Source material:
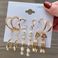 Earrings Exaggerated C Shaped Temperament Pearl Pendant Earrings Triangular Metal 9 Pieces
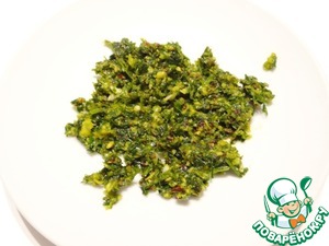 В чашу блендера нарезаю зелень петрушки (немного петрушки оставляю для украшения готового блюда), добавляю очищенный чеснок, шафран, соль. Измельчаю все ингредиенты с помощью блендера.
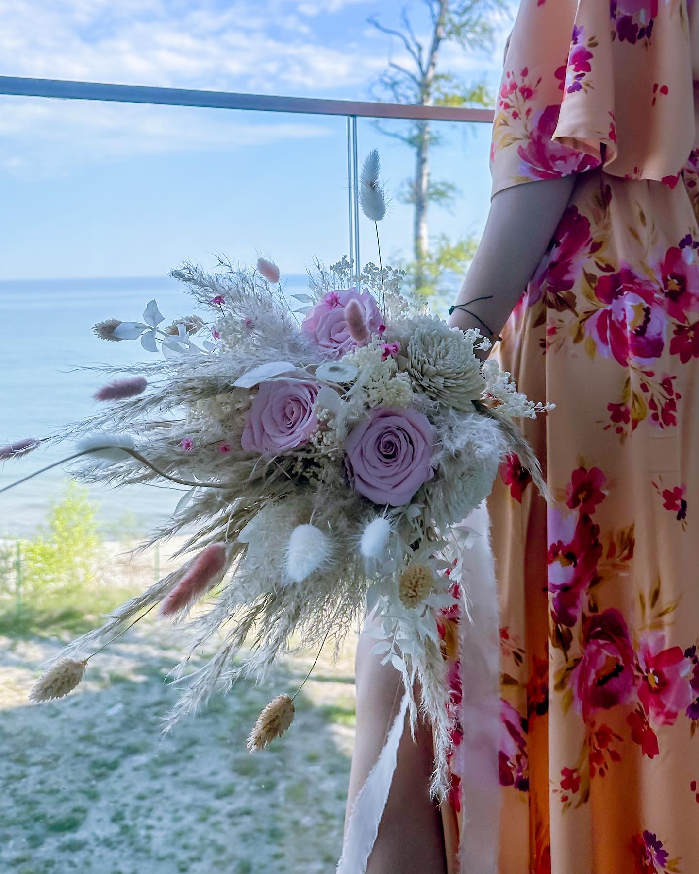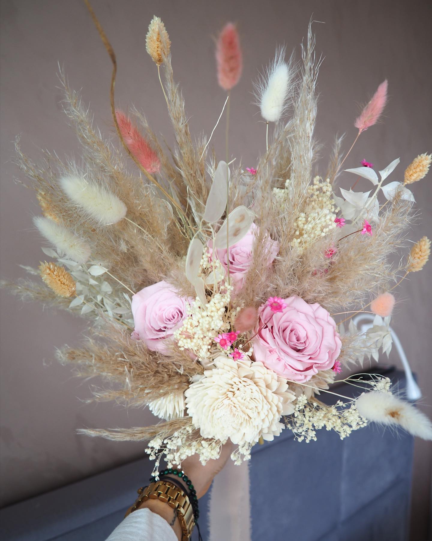 Suszone dodatki i trawa pampasowa tworzy bardzo lekką i subtelną kompozycję.
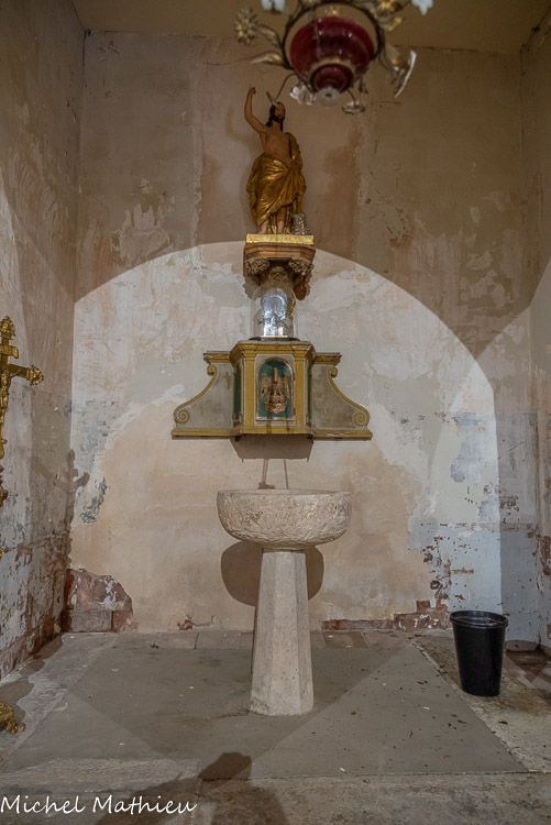 Les fonts baptismaux et la statue de Saint Jean-Baptiste.
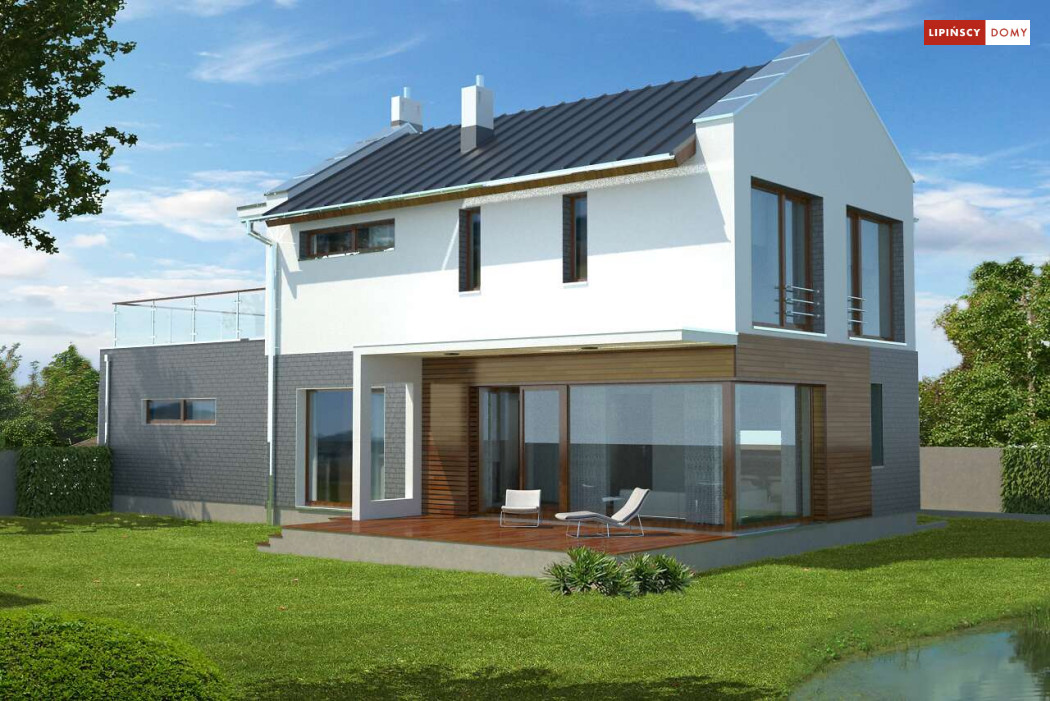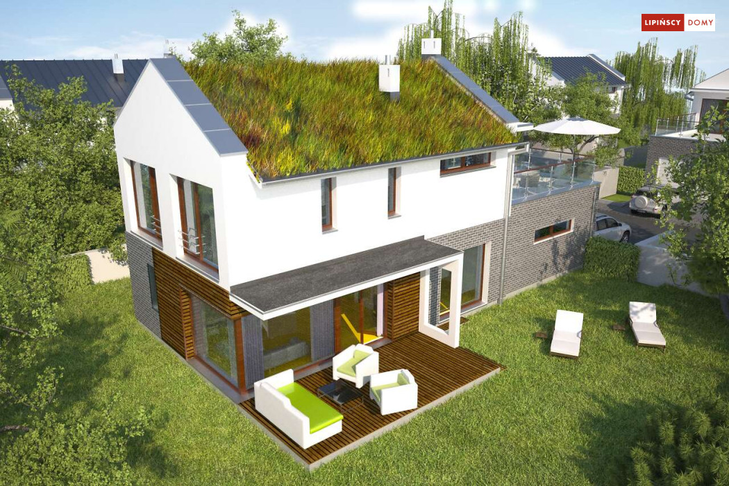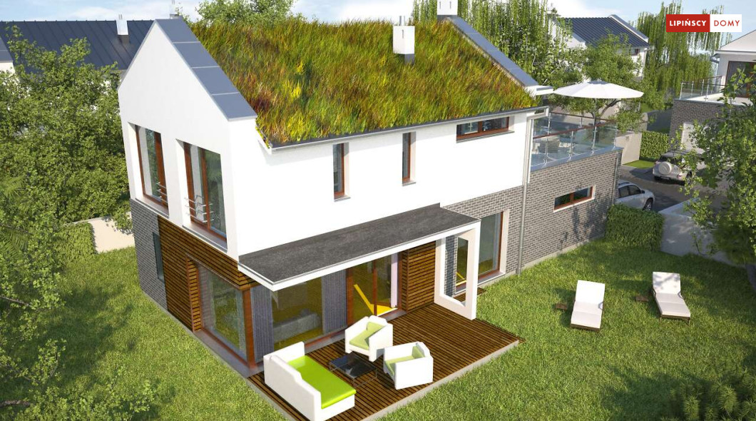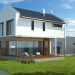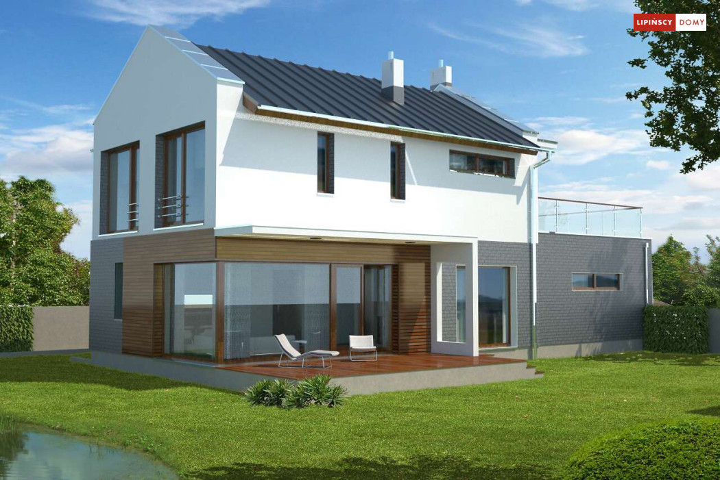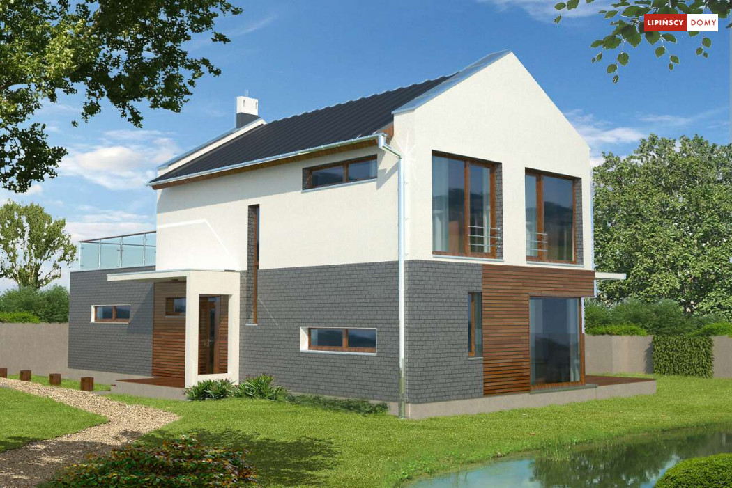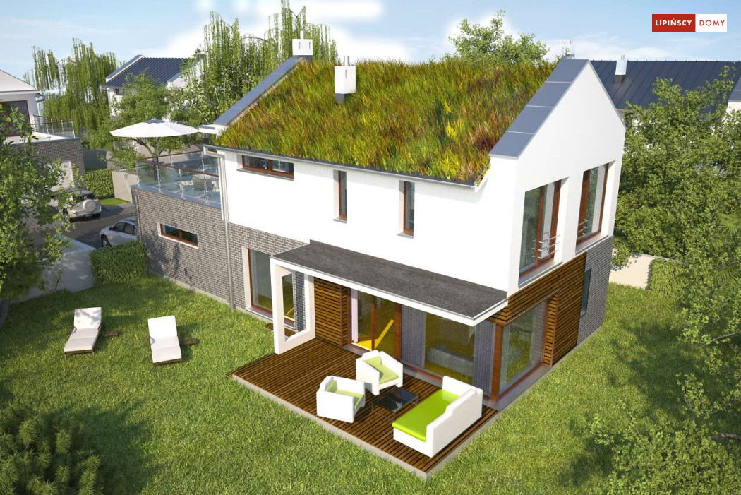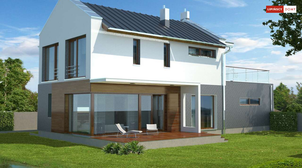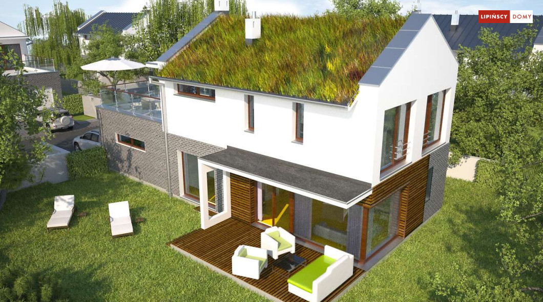 Nowoczesny dom z pełnym piętrem, przekryty dwuspadowym dachem o niewielkim kącie nachylenia. Jest to projekt wart uwagi tych, którzy szukają domu na niezbyt szeroką działkę. Wnętrze kryje otwartą na salon kuchnię, a także sypialnię, łazienkę i pomieszczenie gospodarcze, przez które można przejść do garażu. Na poddaszu znajdują się trzy sypialnie, w tym jedna z wyjściem na piękny, duży taras zlokalizowany na dachu garażu. Mieszkańcy mają do dyspozycji także wygodną łazienkę z wydzieloną strefą na pralkę.
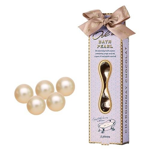 まるで大粒パールのような見た目の入浴料。シャルドネとビターショコラの香りを楽しめます。
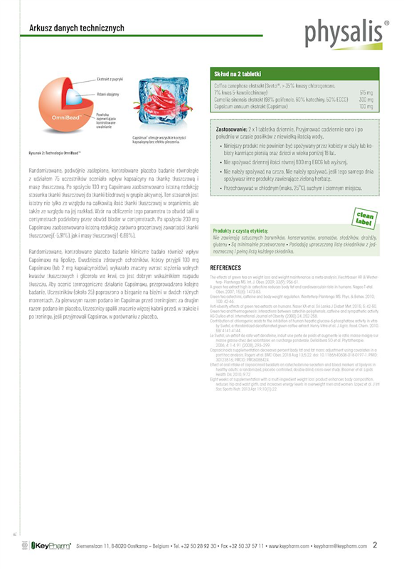 Physalis Fat burner to kompleks na bazie zielonej herbaty, który przyczynia się do lepszego zarządzania masą ciała. Zawiera również ekstrakt z zielonych ziaren kawy (Svetol®), zawierający co najmniej 35 % kwasów chlorogenowych i 7 % kwasu 5-kawoilochinowego. Svetol® ma unikalny skład (typowy stosunek kwasu 5-kawoilochinowego/kwasów chlorogenowych: 0,2-0,3), którego skuteczność została wykazana w licznych badaniach. Na koniec, ten kompleks zawiera skoncentrowany i wysoce aktywny naturalny ekstrakt z czerwonej papryczki chilli: Capsimax. Dzięki swojej enkapsulacji i technologii kontrolowanego uwalniania, ten ekstrakt jest w stanie stopniowo uwalniać składnik aktywny kapsaicynę na poziomach, które nie powodują obciążenia ani dyskomfortu dla żołądka. Papryczka chilli wspomaga proces termogenezy (produkcji ciepła) w organizmie, a tym samym promuje prawidłowe funkcjonowanie metabolizmu tłuszczów.
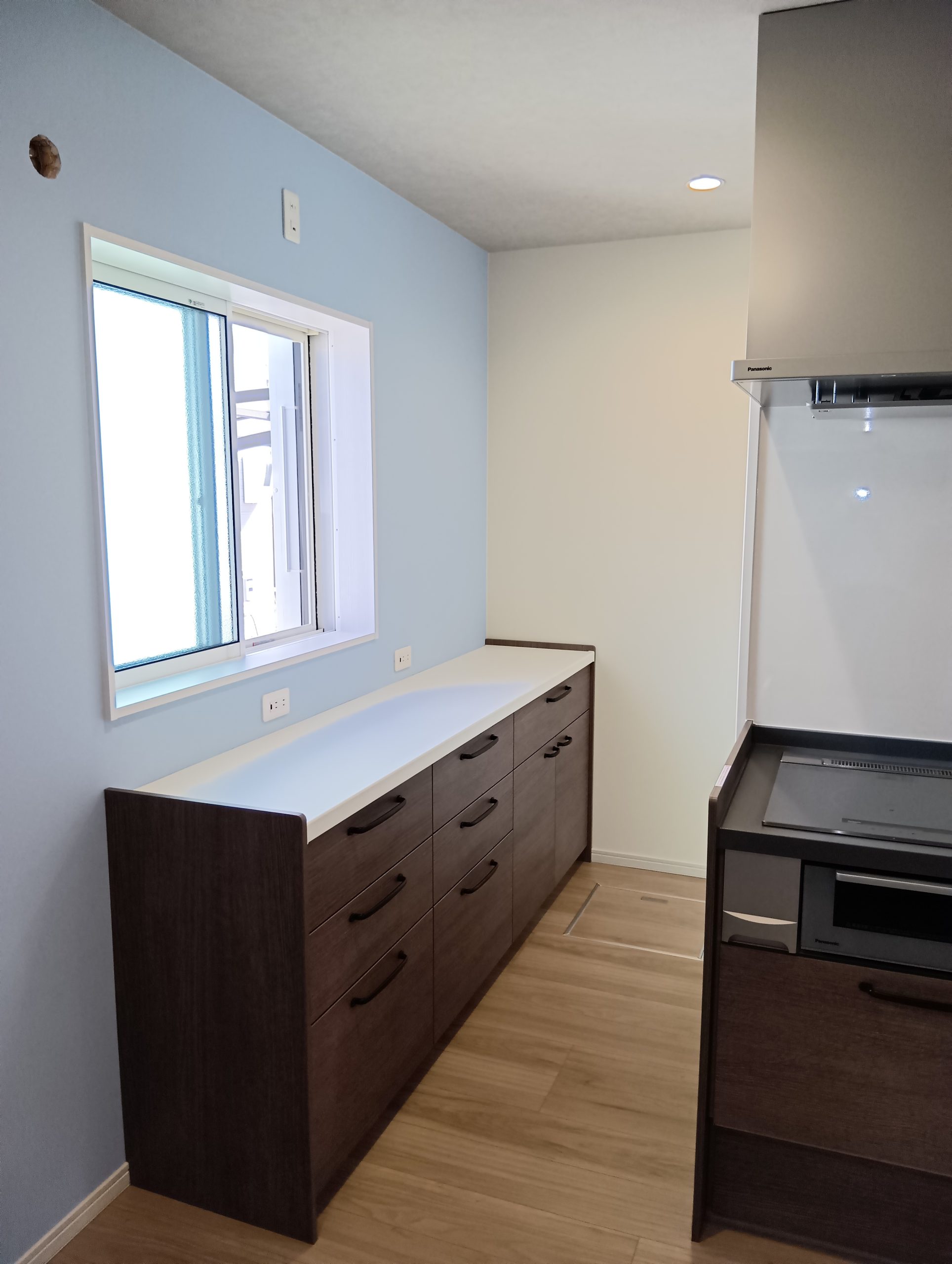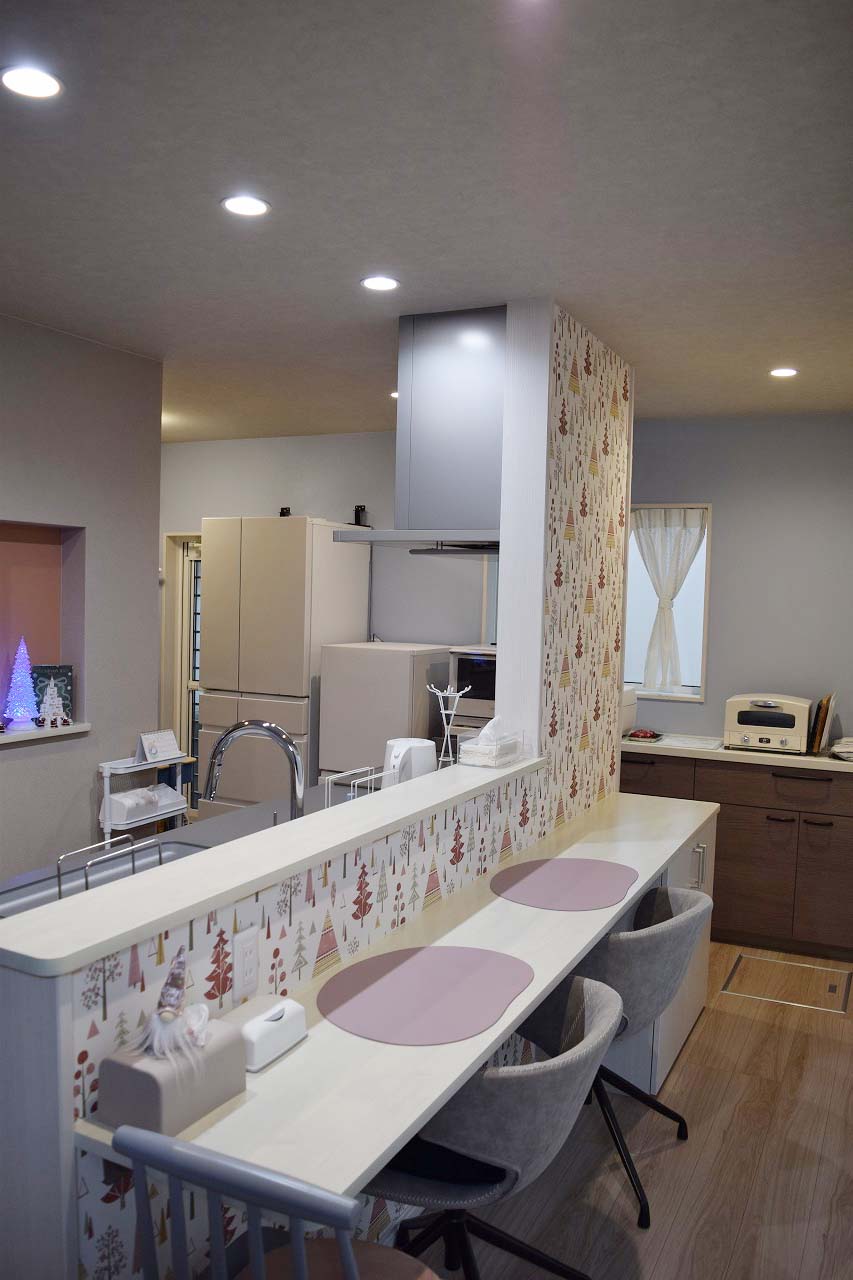 奥様がこだわり抜いた壁紙、ご家族で話し合いを重ねた機器類の選別。

What to do: Reproduce exactly the lines above that run from the one with "В чашу блендера" to the one with "まるで大粒パールのような見た", both included, leaving pictures out.

Task response:
 В чашу блендера нарезаю зелень петрушки (немного петрушки оставляю для украшения готового блюда), добавляю очищенный чеснок, шафран, соль. Измельчаю все ингредиенты с помощью блендера.
 Suszone dodatki i trawa pampasowa tworzy bardzo lekką i subtelną kompozycję.
 Les fonts baptismaux et la statue de Saint Jean-Baptiste.
 Nowoczesny dom z pełnym piętrem, przekryty dwuspadowym dachem o niewielkim kącie nachylenia. Jest to projekt wart uwagi tych, którzy szukają domu na niezbyt szeroką działkę. Wnętrze kryje otwartą na salon kuchnię, a także sypialnię, łazienkę i pomieszczenie gospodarcze, przez które można przejść do garażu. Na poddaszu znajdują się trzy sypialnie, w tym jedna z wyjściem na piękny, duży taras zlokalizowany na dachu garażu. Mieszkańcy mają do dyspozycji także wygodną łazienkę z wydzieloną strefą na pralkę.
 まるで大粒パールのような見た目の入浴料。シャルドネとビターショコラの香りを楽しめます。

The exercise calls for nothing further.